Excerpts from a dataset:
BEGIN
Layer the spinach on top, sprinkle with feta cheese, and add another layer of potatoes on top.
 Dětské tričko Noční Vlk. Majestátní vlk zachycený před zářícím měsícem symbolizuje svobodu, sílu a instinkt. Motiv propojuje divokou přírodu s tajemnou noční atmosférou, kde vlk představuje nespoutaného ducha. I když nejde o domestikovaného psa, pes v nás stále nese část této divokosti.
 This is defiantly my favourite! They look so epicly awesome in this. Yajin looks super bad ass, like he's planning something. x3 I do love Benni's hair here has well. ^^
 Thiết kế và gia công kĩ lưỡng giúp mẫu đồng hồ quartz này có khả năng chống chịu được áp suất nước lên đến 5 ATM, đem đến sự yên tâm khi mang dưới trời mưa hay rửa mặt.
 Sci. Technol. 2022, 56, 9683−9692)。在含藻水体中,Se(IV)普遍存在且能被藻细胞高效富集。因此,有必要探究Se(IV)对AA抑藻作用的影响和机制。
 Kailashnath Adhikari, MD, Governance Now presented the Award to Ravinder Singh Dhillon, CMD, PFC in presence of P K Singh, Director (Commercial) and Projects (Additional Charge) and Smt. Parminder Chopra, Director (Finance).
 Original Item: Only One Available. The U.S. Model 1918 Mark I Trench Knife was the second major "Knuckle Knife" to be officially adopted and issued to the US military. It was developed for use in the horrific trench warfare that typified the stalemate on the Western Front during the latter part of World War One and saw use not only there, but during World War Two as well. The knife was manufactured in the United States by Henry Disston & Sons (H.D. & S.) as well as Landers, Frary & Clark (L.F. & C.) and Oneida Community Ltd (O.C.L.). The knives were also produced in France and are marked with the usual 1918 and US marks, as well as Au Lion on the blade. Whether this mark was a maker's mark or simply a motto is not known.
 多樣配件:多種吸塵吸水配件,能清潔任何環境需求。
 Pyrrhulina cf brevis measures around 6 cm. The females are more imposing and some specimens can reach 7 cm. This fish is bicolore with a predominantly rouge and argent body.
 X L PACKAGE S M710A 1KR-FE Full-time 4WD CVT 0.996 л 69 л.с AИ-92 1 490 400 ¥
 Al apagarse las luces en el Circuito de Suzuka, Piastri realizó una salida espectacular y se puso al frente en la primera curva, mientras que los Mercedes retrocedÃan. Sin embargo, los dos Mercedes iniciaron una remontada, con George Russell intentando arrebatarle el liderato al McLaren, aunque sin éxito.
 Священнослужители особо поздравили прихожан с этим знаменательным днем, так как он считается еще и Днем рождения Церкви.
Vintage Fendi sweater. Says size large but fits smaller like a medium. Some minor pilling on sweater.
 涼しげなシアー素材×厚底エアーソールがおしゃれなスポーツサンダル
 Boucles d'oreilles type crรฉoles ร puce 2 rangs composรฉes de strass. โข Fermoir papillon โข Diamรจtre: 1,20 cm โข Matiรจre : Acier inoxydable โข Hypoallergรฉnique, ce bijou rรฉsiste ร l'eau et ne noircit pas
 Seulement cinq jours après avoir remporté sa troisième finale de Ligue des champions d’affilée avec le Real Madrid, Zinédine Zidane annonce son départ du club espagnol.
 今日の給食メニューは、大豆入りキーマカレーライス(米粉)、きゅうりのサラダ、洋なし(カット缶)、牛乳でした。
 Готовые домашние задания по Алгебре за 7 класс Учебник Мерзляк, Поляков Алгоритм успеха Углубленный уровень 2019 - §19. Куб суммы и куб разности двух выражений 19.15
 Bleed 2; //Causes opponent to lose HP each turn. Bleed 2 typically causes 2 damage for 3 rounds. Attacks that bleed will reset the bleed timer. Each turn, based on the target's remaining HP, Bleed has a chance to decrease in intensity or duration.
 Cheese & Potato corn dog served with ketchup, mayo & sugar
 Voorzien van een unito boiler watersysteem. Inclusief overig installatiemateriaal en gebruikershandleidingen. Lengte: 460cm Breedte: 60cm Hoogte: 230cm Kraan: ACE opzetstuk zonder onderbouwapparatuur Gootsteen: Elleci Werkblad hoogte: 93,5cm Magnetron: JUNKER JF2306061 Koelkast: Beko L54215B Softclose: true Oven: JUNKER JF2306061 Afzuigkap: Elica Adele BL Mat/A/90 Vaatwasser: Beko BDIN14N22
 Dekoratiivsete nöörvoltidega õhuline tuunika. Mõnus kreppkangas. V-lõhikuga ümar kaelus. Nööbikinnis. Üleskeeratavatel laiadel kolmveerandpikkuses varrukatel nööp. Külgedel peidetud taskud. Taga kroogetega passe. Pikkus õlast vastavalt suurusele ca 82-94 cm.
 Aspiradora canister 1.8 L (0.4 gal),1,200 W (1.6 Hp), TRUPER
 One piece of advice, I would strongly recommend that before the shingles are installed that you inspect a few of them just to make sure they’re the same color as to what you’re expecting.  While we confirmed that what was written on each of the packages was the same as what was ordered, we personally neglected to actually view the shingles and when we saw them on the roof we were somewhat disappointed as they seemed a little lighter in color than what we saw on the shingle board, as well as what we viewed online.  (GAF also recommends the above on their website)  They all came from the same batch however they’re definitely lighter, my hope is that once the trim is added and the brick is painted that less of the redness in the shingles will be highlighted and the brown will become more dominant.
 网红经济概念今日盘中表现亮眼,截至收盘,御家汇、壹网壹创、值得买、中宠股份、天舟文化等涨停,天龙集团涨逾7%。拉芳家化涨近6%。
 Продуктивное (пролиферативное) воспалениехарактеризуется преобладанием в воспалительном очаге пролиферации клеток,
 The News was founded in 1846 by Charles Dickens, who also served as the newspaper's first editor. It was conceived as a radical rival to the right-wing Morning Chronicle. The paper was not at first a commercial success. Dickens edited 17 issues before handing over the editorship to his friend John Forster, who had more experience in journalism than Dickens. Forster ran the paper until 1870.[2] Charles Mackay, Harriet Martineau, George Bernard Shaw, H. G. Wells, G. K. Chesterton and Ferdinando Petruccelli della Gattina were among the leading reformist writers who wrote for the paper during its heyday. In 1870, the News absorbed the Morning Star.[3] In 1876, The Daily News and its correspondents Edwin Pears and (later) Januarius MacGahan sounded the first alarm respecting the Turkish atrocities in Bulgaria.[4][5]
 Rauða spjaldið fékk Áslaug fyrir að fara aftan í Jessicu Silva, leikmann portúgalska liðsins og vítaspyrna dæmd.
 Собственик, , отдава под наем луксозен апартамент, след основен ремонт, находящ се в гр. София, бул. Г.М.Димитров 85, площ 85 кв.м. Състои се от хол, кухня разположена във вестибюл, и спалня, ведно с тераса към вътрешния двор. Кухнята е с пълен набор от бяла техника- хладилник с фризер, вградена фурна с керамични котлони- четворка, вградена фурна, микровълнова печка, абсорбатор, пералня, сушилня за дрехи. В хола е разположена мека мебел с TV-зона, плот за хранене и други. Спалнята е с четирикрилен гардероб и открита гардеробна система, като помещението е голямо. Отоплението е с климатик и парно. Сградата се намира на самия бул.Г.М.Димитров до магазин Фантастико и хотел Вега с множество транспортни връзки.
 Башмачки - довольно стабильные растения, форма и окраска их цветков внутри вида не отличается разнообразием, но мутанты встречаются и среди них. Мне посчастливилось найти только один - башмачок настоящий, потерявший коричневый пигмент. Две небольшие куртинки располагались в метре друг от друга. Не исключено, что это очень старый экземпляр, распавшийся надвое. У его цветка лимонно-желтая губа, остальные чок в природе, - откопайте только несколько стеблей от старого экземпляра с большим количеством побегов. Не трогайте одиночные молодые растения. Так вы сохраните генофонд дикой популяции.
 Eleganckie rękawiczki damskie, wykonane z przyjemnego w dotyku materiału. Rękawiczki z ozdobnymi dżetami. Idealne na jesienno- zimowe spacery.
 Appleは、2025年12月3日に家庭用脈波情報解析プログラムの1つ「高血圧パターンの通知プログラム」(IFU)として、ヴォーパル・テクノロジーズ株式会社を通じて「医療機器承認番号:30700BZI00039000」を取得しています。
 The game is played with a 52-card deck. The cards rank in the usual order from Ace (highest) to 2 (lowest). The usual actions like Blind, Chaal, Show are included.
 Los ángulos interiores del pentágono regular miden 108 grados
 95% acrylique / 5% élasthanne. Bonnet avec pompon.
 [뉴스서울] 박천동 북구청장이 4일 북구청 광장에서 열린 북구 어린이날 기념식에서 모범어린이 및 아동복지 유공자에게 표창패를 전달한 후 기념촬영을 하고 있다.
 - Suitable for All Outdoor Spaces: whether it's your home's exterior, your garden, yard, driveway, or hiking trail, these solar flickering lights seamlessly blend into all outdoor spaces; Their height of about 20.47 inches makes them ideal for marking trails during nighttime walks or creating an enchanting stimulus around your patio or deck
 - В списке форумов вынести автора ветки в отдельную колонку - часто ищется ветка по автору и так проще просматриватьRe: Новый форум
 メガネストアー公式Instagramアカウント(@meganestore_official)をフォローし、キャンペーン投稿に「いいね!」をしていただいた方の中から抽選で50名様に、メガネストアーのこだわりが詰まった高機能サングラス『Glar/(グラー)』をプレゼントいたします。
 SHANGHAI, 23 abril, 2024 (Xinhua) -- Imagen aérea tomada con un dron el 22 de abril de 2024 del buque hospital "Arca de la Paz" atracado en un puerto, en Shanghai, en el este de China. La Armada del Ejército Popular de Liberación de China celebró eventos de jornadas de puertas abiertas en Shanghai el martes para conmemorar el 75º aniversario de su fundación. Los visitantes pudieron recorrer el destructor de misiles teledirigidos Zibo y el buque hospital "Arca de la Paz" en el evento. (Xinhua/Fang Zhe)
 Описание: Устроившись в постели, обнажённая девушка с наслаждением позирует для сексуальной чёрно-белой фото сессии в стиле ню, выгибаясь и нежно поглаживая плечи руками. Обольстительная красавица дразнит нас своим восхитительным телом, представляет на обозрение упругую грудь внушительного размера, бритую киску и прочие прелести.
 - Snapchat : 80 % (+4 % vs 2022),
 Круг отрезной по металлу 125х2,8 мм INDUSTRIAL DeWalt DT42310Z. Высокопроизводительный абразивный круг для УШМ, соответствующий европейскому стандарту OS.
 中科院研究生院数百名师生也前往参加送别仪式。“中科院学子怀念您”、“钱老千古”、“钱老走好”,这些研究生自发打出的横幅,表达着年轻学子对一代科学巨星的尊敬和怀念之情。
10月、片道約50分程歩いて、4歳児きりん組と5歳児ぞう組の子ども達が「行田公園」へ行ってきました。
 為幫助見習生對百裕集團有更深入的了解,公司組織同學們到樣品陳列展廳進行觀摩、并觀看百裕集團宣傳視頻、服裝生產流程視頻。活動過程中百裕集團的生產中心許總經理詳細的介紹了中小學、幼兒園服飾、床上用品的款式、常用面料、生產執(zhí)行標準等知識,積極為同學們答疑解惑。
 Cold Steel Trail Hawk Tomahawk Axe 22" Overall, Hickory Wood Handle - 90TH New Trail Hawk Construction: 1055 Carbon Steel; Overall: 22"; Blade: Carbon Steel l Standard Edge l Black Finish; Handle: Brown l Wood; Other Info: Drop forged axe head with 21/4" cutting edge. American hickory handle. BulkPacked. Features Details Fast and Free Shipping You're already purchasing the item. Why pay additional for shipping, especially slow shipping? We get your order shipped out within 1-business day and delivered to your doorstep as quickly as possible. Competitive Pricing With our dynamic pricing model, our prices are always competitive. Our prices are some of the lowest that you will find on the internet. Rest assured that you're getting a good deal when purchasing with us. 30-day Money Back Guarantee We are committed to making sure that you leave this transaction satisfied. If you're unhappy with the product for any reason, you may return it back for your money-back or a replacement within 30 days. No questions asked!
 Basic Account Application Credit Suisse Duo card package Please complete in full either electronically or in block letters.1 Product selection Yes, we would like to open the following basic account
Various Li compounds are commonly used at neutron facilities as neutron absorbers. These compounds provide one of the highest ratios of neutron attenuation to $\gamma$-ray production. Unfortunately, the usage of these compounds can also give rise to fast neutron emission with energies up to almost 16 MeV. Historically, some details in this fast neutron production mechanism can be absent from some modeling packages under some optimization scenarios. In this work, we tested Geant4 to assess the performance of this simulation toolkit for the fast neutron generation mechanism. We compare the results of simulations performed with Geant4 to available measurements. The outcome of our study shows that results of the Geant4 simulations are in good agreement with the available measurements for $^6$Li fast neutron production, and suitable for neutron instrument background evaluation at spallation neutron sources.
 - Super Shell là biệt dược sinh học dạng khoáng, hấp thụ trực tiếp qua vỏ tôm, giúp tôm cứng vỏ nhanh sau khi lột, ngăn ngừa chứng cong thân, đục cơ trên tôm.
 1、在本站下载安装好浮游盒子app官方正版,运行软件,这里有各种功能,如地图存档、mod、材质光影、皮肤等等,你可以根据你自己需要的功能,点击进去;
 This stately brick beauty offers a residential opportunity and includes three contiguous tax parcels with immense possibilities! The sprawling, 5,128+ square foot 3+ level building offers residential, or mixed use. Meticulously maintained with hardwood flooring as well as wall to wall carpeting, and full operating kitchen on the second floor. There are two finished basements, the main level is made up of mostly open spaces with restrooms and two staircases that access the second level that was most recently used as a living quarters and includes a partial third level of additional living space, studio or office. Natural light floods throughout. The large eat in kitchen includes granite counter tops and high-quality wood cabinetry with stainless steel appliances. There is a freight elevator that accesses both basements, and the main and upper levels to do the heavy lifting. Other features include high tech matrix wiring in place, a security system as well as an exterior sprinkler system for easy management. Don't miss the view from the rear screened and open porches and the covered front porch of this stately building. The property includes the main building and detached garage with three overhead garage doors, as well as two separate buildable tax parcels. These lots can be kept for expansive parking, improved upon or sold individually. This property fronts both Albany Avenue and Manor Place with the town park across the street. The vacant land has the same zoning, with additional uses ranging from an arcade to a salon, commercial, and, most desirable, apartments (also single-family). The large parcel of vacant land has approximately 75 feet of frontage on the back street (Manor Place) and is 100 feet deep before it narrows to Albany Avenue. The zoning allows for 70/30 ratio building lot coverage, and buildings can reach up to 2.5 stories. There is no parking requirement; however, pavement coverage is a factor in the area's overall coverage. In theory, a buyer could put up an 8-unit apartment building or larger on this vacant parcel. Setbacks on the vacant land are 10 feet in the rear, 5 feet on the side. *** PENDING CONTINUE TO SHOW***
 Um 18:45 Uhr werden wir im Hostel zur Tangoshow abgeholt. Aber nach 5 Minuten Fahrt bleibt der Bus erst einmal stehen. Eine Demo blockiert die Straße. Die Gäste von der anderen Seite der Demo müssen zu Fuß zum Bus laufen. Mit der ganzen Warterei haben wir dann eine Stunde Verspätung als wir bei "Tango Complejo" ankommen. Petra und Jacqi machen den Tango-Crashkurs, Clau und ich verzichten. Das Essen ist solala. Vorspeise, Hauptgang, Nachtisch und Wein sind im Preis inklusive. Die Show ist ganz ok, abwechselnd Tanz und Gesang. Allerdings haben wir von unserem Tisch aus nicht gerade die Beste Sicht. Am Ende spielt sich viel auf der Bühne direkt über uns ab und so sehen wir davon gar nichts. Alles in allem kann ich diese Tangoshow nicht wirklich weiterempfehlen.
END
Print, from the entries above, the line with "涼しげなシアー素材×厚底エアーソールがおしゃれなスポーツサンダル", the line with "今日の給食メニューは、大豆入" and all lines between them, exactly and with nothing else.

→ Response area:
 涼しげなシアー素材×厚底エアーソールがおしゃれなスポーツサンダル
 Boucles d'oreilles type crรฉoles ร puce 2 rangs composรฉes de strass. โข Fermoir papillon โข Diamรจtre: 1,20 cm โข Matiรจre : Acier inoxydable โข Hypoallergรฉnique, ce bijou rรฉsiste ร l'eau et ne noircit pas
 Seulement cinq jours après avoir remporté sa troisième finale de Ligue des champions d’affilée avec le Real Madrid, Zinédine Zidane annonce son départ du club espagnol.
 今日の給食メニューは、大豆入りキーマカレーライス(米粉)、きゅうりのサラダ、洋なし(カット缶)、牛乳でした。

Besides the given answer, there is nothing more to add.